There’s no polite way to say it — Bangkok is a hot, sticky mess, but its chaotic energy is electrifying and its hidden secrets demand at least two days of your time. Ease yourself in with a stay on the banks of the Chao Phraya River, where the gridlock is replaced by puttering long-tail boats, and skyscrapers are outnumbered by sparkly temples and atmospheric old docks.
For a glamorous yet affordable five-star stay, try the Peninsula (doubles from £108; bangkok.peninsula.com). More hip is Sala Rattanakosin (doubles from £54, B&B, salaresorts.com), a converted warehouse with minimalist rooms and views of Wat Arun, the Temple of Dawn. Since most flights from London arrive in the afternoon, you’ll have enough time to shower and get to the riverside for sundowners.
Jet lag will have you up with the lark — go with it. The twirly-topped Wat Pho Temple (£3.60; watpho.com) opens at 8am; get there just beforehand to see monks receiving alms outside. Remember, you’ll need to cover up when visiting any Buddhist place of worship, including shoulders and knees. Wonder at the impressive Reclining Buddha, an ethereal 150ft-long, 50ft-high effigy adorned with gold and pearls, then nip next door to the Grand Palace (£9), a huge complex of former royal residences, temples and gilt-covered spires — splash out £2 for an audio guide to decipher the legend of Ramayana represented in the decor. Don’t miss Wat Phra Kaew, aka the Temple of the Emerald Buddha, the holiest — and blingiest — Buddhist site in Thailand.
Dedicate the afternoon to a leisurely long-tail boat tour of the Thonburi klongs (canals), where fields of water spinach brush up against wooden houses where leathery old ladies hang out washing as monitor lizards plod by. Expect to pay about £25 for two hours if you want a boat all to yourself, significantly less if you share with others.
Days 4-6: Chiang Mai
Getting to Chiang Mai is cheap: we found one-way flights with Nok Air (nokair.com) for just £17 — including 15kg of baggage.
With its ancient temples, art scene, fabulous food and chaotic night markets, there’s almost too much to do in Chiang Mai, but three nights is enough to take the city’s pulse. Check in at Akyra Manor (doubles from £110, B&B, theakyra.com), a new all-suite hotel on the happening Nimmanhaemin Road. The rooms have courtyard bathrooms and the rooftop pool is a godsend. If you’re watching the pennies, try the sweet Rustic River Boutique (doubles from £18; rusticriverhouse.com), where the sound of the Ping River lulls you to sleep. Chiang Mai is eminently walkable, so get out and explore its leafy streets and alleyways. Head inside the old-city walls for a temple-fest, chatting with monks at Wat Chedi Luang, or make for the art galleries, live music joints and bars of Nimmanhaemin Road.
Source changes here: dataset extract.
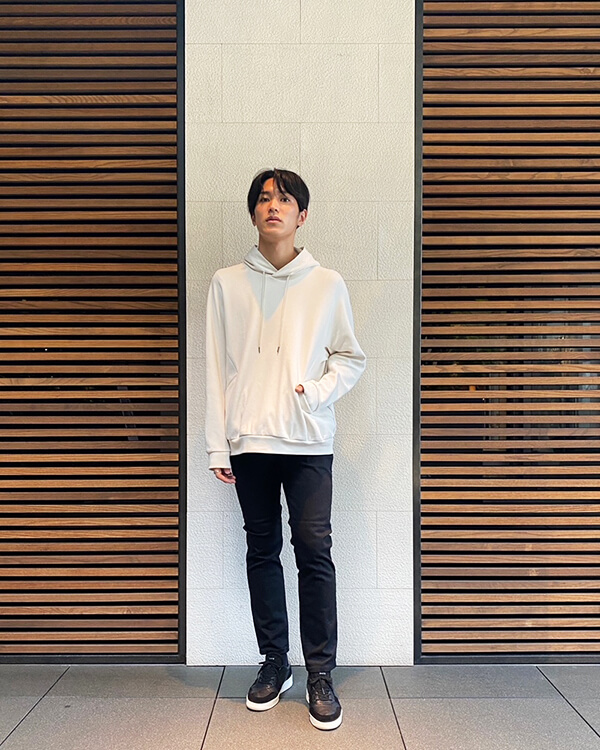 パーカーもシンプルでゆったりしたサイズジングを選べば、デニム+パーカーのカジュアルコーディネートも雰囲気のあるスタイリングに仕上がります。
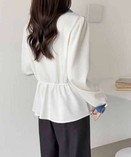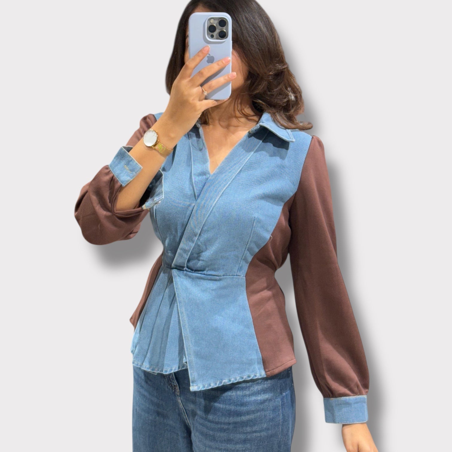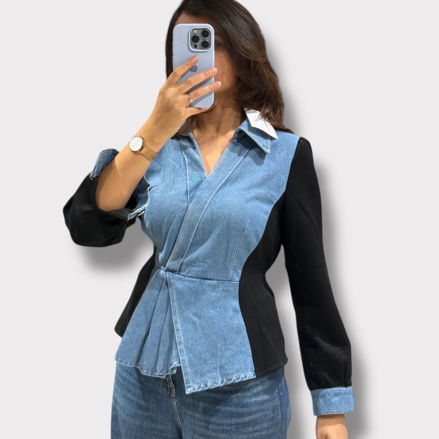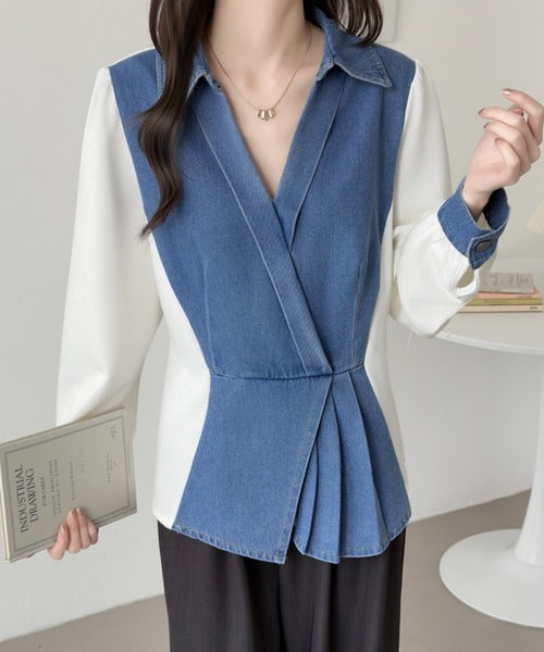 Size - Free size product ideal for S to XL Detail – Chic denim top featuring a structured overlap neckline, contrast panel detailing, and softly puffed full sleeves with cuff accents for a flattering, modern silhouette Occasion – Perfect for casual outings, brunches, travel days, or relaxed workwear

You should spend a full day at the Elephant Nature Park (£45, including lunch and transport; elephantnature park.org), an inspirational rehabilitation centre an hour outside the city. There are no bull hooks or back-breaking rides here. Instead, the elephants — many of them rescued from tourist trekking camps — happily roam around in herds, while a limited number of visitors per day are given the chance to feed them, bathe them and watch while mummy elephants apply a thick sunscreen of dust to their babies’ backs. A place of joy, not to be missed.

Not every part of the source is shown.